Imagine the Sun, Moon and planets do revolve around the Earth. (Almost. They revolve around points called equants, which are near the Earth but different for each heavenly body. These arbitrary points are chosen for a good reason: to make the maths work out.)

In this universe, planets are held in their orbits by magnetism. Comets are repelled from the Sun by magnetism. The Earth formed out of material ejected by the Sun when a comet hit it. Or perhaps comets are local atmospheric phenomena, not even as far away as the Moon.

The whole Earth was originally covered in water, which has been receding ever since. Some stones mimic the appearance of plants and animal life, perhaps because plants are a way of turning water into solid matter: as they decay, the water leaves them and they become rocks.

Atoms might be useful for calculations, but they're not real; there would have to be nothing but empty space between them and the void is an abhorrent idea. There is instead a “universal fluid” permeating everything, whose swirling eddies push the planets along in their orbits. Vision is caused by things pressing on the universal fluid between it and your eyes...which means you can see in the dark if you run fast enough!

Just as sound travels in air or ocean waves travel through water, light travels through the aether.

Blood is manufactured in the liver, carried by veins, and absorbed by the body's tissues, so the body needs to constantly produce new blood. Veins and arteries carry two different substances, which is why they're different colours.

Characteristics can be developed by an individual plant or animal and passed on to its offspring: a giraffe that's stretched its neck to reach higher leaves on trees has longer-necked descendants. An animal can even develop whole new organs if the need arises! And these new developments are always beneficial.

In this world, light travels at infinite speed, everything possesses caloric (which flows out of something when its temperature rises), maggots arise spontaneously from meat itself, earthquakes are caused by atmospheric disturbances, phlogiston escapes from anything that is burning. and Saturn sometimes grows bulges that look like ears (other times, the ears cannot be seen).

This strange world exists not in quaint folk tales, bad sci-fi or ignorant superstition. These are all ideas that were at some point held widely or prominently by the best scientific thinkers in the West.
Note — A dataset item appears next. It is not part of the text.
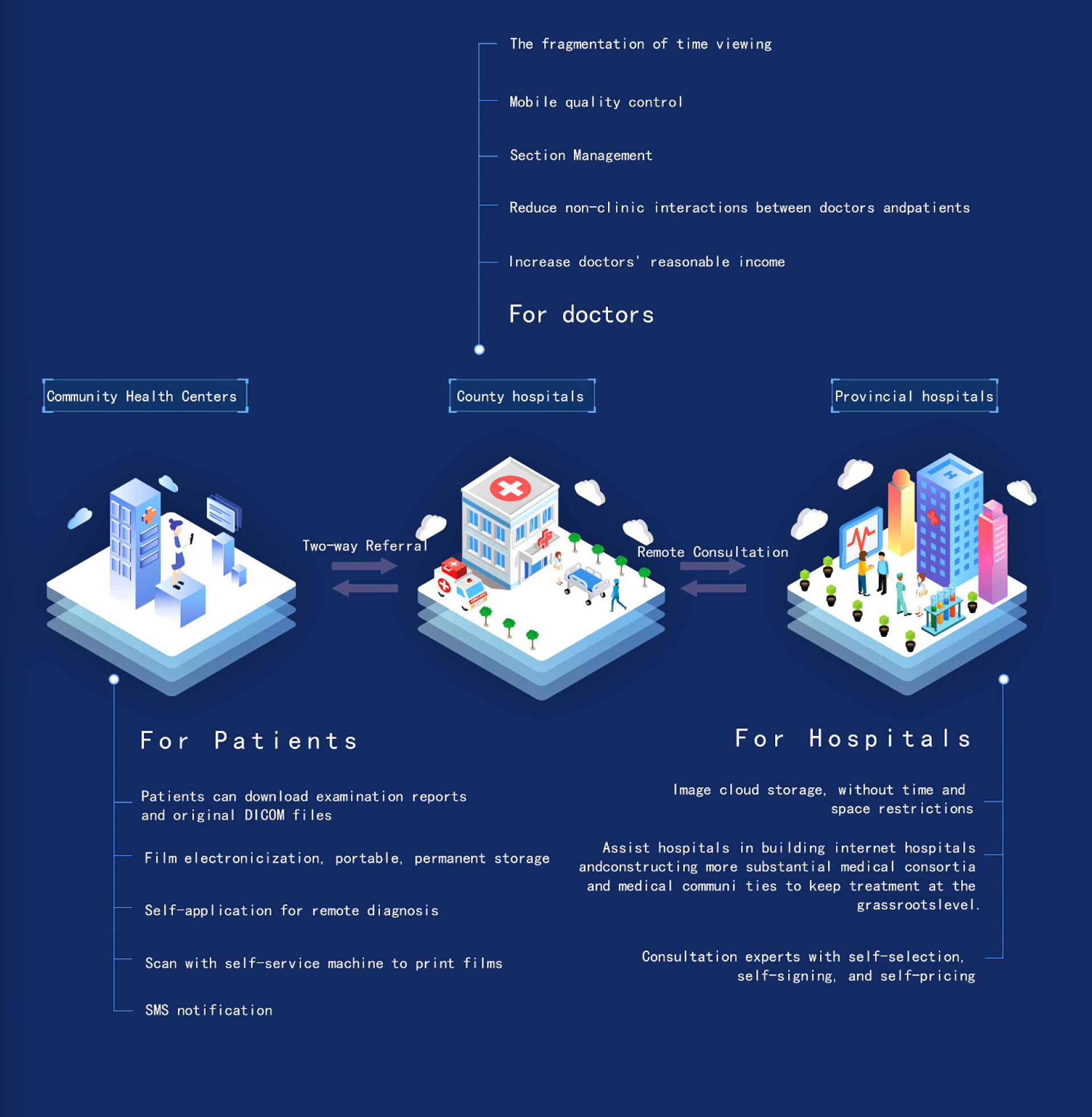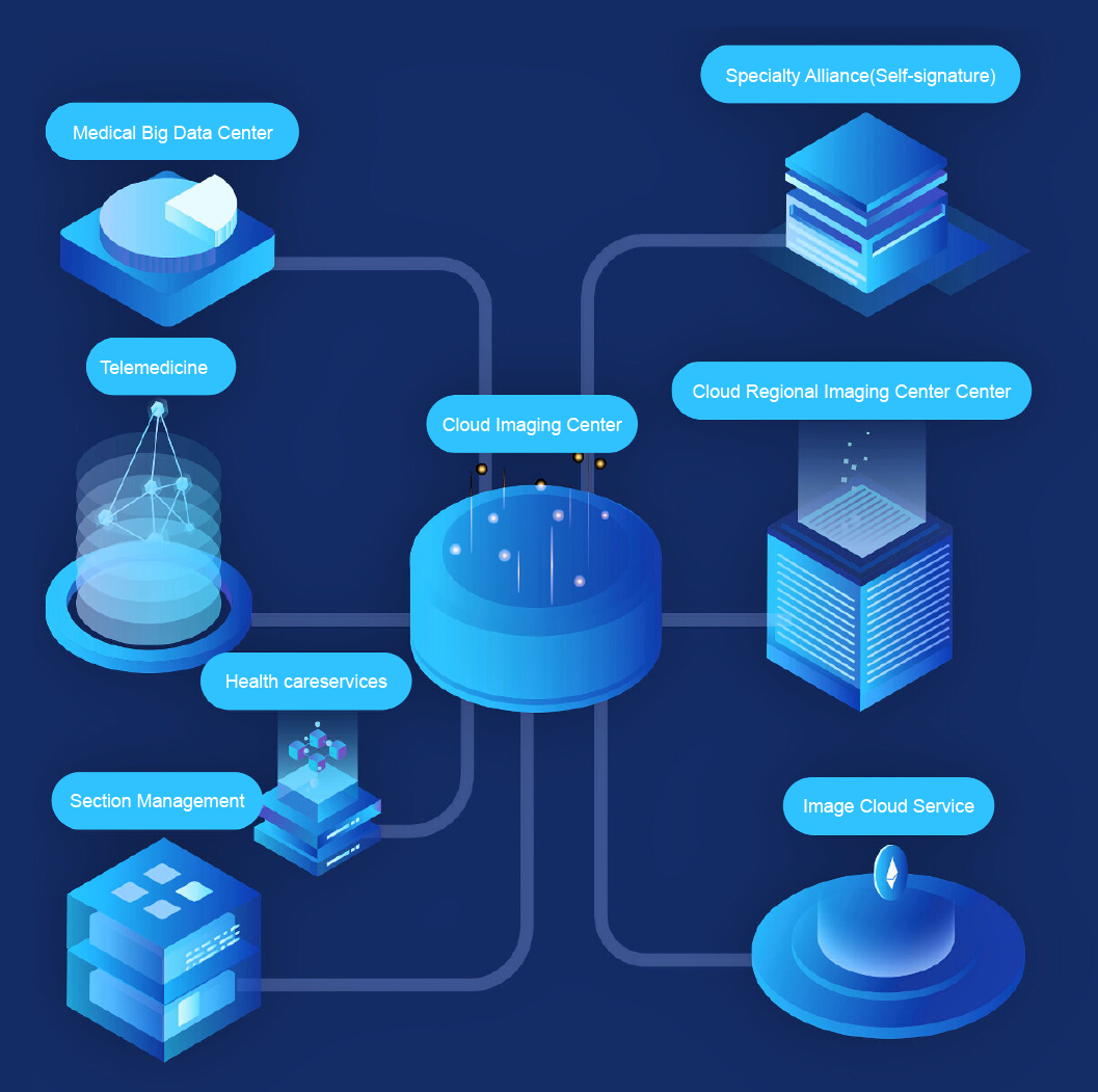The cloud imaging center utilizes digital communication and information processing technology, Internet technology, and digital medical imaging technology to achieve long-distance non-destructive transmission of digital medical image. It enables imaging physicians to quickly and conveniently browse digital imagery from remote locations to conduct medical imaging diagnostic activities for patients in real time, meeting the different needs of different medical institutions. In response to the national policy of the classification of the medical care industry, remote imaging has been used to sink the highest quality medical resources to the grassroots. Depending on the patient’s condition, through the province, city, The four-tier consultation platform at the county, community/township level has been created for patients to make appointments for outpatient visits to higher hospitals, examine them, and stay in hospital, actively guided patients to first visits to the community, two-way referrals, rapid and slow separation, and up-and-down coordination, perfectly achieving both reduction and improvement.
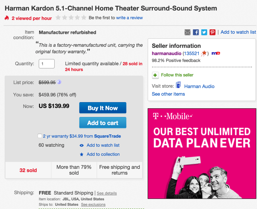Next up, Harman Kardon’s Official eBay Store offers its refurbished HKTS-16 5.1-Channel Home Theater Surround Sound System for $139.99 shipped. By comparison, this setup originally retailed for around $600 and still fetches $400 or more in new condition. Today’s deal is the best price that we can find. This system includes four satellites and one center speaker plus a 200 watt subwoofer. A one-year manufacturer’s warranty is included with purchase. Rated 4.4/5 stars.

I love to contemplate the dead ends, cul-de-sacs, wrong turns and diversions in the history of science because they're good illustrations of what a human endeavour science is, and that I am not as different or distant from great scientists as I might think...or as my poor grades in maths would indicate.

Indeed, it's some consolation that several famous scientists have been poor students as well. Some were just poor. Some suffered from poor health. Some were a disappointment to their parents, members of unpopular religious or ethnic minorities...or, in too-few cases, members of the unpopular majority of womanhood. Some slept with other people's wives. Some trained in other subjects or had no academic training at all. Some had wildly unrelated jobs (my favourite is Edmond Halley, who was a sea captain and delighted in being called Captain Halley long before he could be called Dr Halley).

That great scientists are just as petty, fallible and human as the rest of us has been one of the great revelations of my adult life. In school, my science textbooks might fleetingly mention the namesake of an equation, a law or a unit of measurement, but there was never any sense that science was done by people who had personalities and lives. One of the ways I think those human traits really come to life is in the mistaken ideas that are prevalent in each era.

My science books inundated me with stories of innovation and achievement that followed one another as inexorably as one paragraph followed another. This gives a misleading view of scientific progress as inevitable, like the wars and kings that parade with depressing inevitability through history books.

I might spot scientists' superceded ideas only in a footnote or a parenthetical remark like “...and not, as was widely believed until that time...” They're worth seeking out, because the awareness that previous explanations have been replaced with better ones also encourages us to call our modern explanations just that – “modern”, not ultimate or perfect. We benefit from the accumulated wisdom of our predecessors and present-day science is making great strides, but our era is no less full of mistakes than any previous one. I can't wait to find out what they are.

(no subject)

Date: 2012-12-28 04:38 pm (UTC)
sfred: (andromeda)
From: [personal profile] sfred
This is brilliant - thank you for writing it.

(no subject)

Date: 2012-12-28 03:43 pm (UTC)
From: [identity profile] tyrell.livejournal.com
I love this clip so much.

http://www.youtube.com/watch?v=a5dSyT50Cs8

The 'ever-receding pocket of scientific ignorance'. The openness to changing your mind on scientific truth if better evidence comes along.

(no subject)

Date: 2012-12-30 06:19 pm (UTC)
From: [identity profile] whipchick.livejournal.com
Really enjoyed reading this! It's fascinating to see what used to be 'widely believed' and it makes me wonder (as it does you) what we'll only a few years from now dismiss as ignorance.